Marius, I don't see pmcd_wait being invoked during a sh -x /usr/share/pcp/lib/pmcd start run, but I might just be missing it. It sounds like a reasonable addition to that script, after around line 489. There is a bit of deferred computation after that point, involving additional .NeedInstall PMDAs, which can cause momentary stoppage/restarting of pmcd. That too could leave pmlogger momentarily out of luck. Perhaps that _pmda_setup& stuff should be foregrounded, and then followed by _start_pmcheck. That looks like a pretty solid promise that after "service pmcd start", it'll stay up awhile.
(In reply to Frank Ch. Eigler from comment #10) > Marius, I don't see pmcd_wait being invoked during a > sh -x /usr/share/pcp/lib/pmcd start > run, but I might just be missing it. True, pmcd_wait is called by the _start_pmcheck function, which in turn is never called. This seems to be a regression introduced when splitting rc_pcp into rc_pmcd and rc_pmlogger, 855ca1137a.
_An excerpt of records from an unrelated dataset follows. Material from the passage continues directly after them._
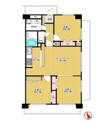 価格 2640万円 中古マンション 間取 3LDK
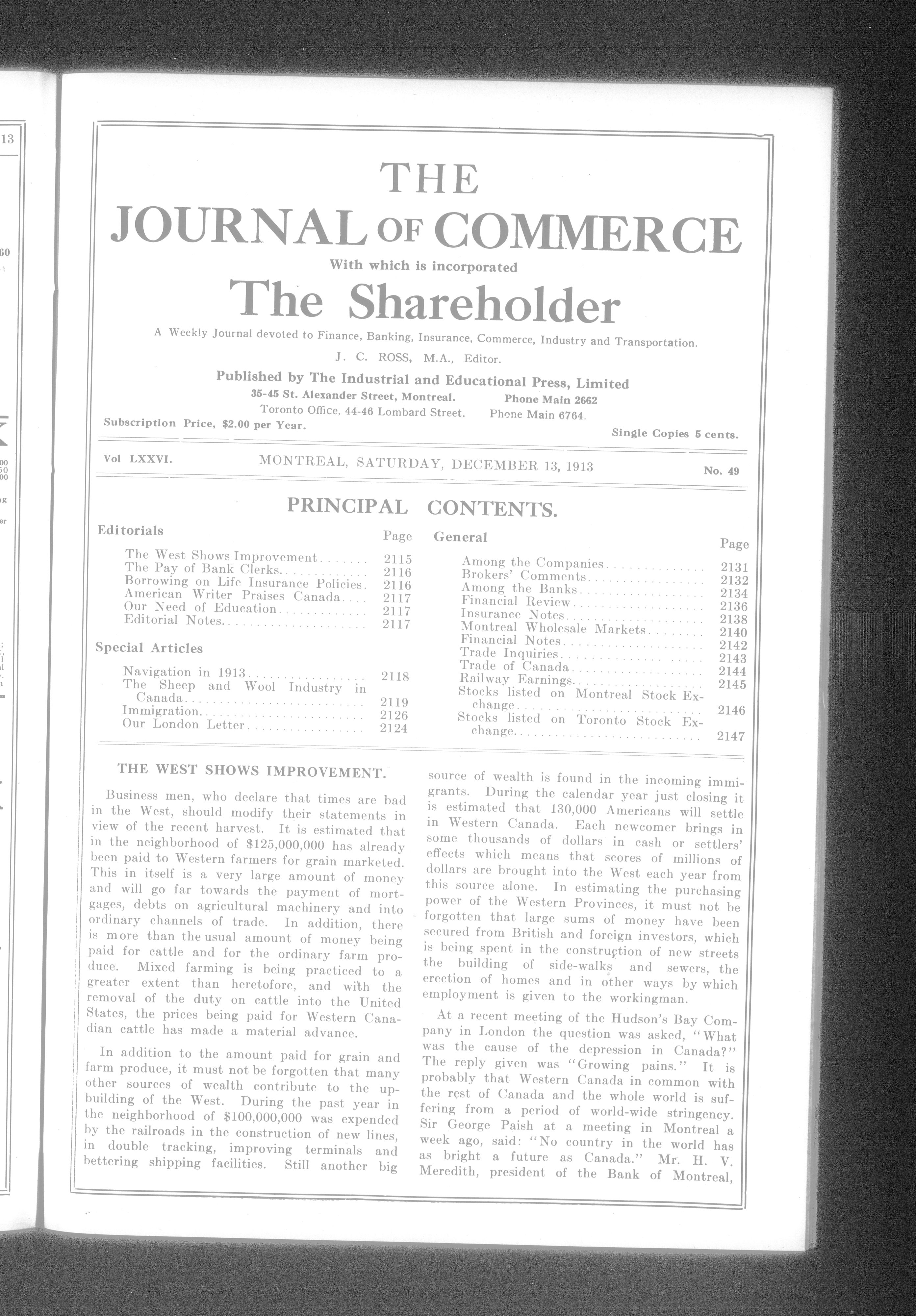 The Journal of Commerce and Shareholder : Vol. LXXVI, No. 49 [i.e. 50] (December 13, 1913)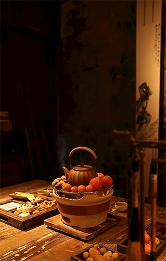 与朋友或家人围炉而坐,烧水,沏茶,聊天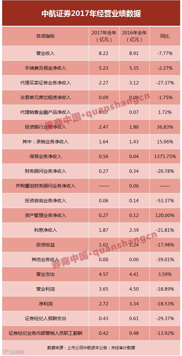 全年来看,2017年中航证券实现净利润2.72亿元,同比下跌近两成。若以2016年97家证券公司的财务数据排名为参照,中航证券这一净利水平位列第69位;中航证券2017年实现营业收入8.22亿元,同比下降8%,以2016年为参照,这一水平位于行业第78位。

(In reply to Frank Ch. Eigler from comment #10) > There is a bit of deferred computation after that point, > involving additional .NeedInstall PMDAs, which can cause > momentary stoppage/restarting of pmcd. This is an odd feature. Can we ignore and deprecate it and blame all breakage that it causes on the PMDAs that make use of it? > That too could leave pmlogger momentarily out of luck. A good fix would also be to make pmlogger, pmie, and maybe all users of PM_CONTEXT_HOST robust against loss of connection to pmcd. This would remove the need to synchronize during startup as well. > Perhaps that > _pmda_setup& stuff should be foregrounded, and then > followed by _start_pmcheck. It was only recently backgrounded: commit 739fdda0cb46c67812e3bbf5cf99c51e83f5d80c Author: Nathan Scott <nathans> Date: Mon Dec 8 16:36:56 2014 +1100 rc_pmcd: execute _pmda_setup in the background Amer reports that use of the .NeedInstall mechanism for PMDAs introduces longer image startup times due to the rc_pmcd script performing PMDA installation serially. There's no reason for that - this processing can be done in the background as soon as pmcd has started (just like we do with pmloggers in the rc_pmlogger script already). Test qa/300 is tweaked to give a little more time before verifying the .NeedInstall processing has / has not been done. My first reaction is to say that the .NeedInstall processing shouldn't be done at all via rc_pmcd. Is it a hack to get around some package system limitations?
pcp-3.10.5-1.fc22 has been submitted as an update for Fedora 22. https://admin.fedoraproject.org/updates/pcp-3.10.5-1.fc22
pcp-3.10.5-1.fc21 has been submitted as an update for Fedora 21. https://admin.fedoraproject.org/updates/pcp-3.10.5-1.fc21
pcp-3.10.5-1.fc20 has been submitted as an update for Fedora 20. https://admin.fedoraproject.org/updates/pcp-3.10.5-1.fc20
pcp-3.10.5-1.el5 has been submitted as an update for Fedora EPEL 5. https://admin.fedoraproject.org/updates/pcp-3.10.5-1.el5
Package pcp-3.10.5-1.el5: * should fix your issue, * was pushed to the Fedora EPEL 5 testing repository, * should be available at your local mirror within two days. Update it with: # su -c 'yum update --enablerepo=epel-testing pcp-3.10.5-1.el5' as soon as you are able to. Please go to the following url: https://admin.fedoraproject.org/updates/FEDORA-EPEL-2015-6718/pcp-3.10.5-1.el5 then log in and leave karma (feedback).
pcp-3.10.6-1.fc22 has been submitted as an update for Fedora 22. https://admin.fedoraproject.org/updates/pcp-3.10.6-1.fc22
pcp-3.10.6-1.fc21 has been submitted as an update for Fedora 21. https://admin.fedoraproject.org/updates/pcp-3.10.6-1.fc21
pcp-3.10.6-1.el5 has been submitted as an update for Fedora EPEL 5. https://admin.fedoraproject.org/updates/pcp-3.10.6-1.el5
pcp-3.10.6-1.fc21 has been pushed to the Fedora 21 stable repository. If problems still persist, please make note of it in this bug report.
pcp-3.10.6-1.fc22 has been pushed to the Fedora 22 stable repository. If problems still persist, please make note of it in this bug report.
pcp-3.10.6-1.el5 has been pushed to the Fedora EPEL 5 stable repository. If problems still persist, please make note of it in this bug report.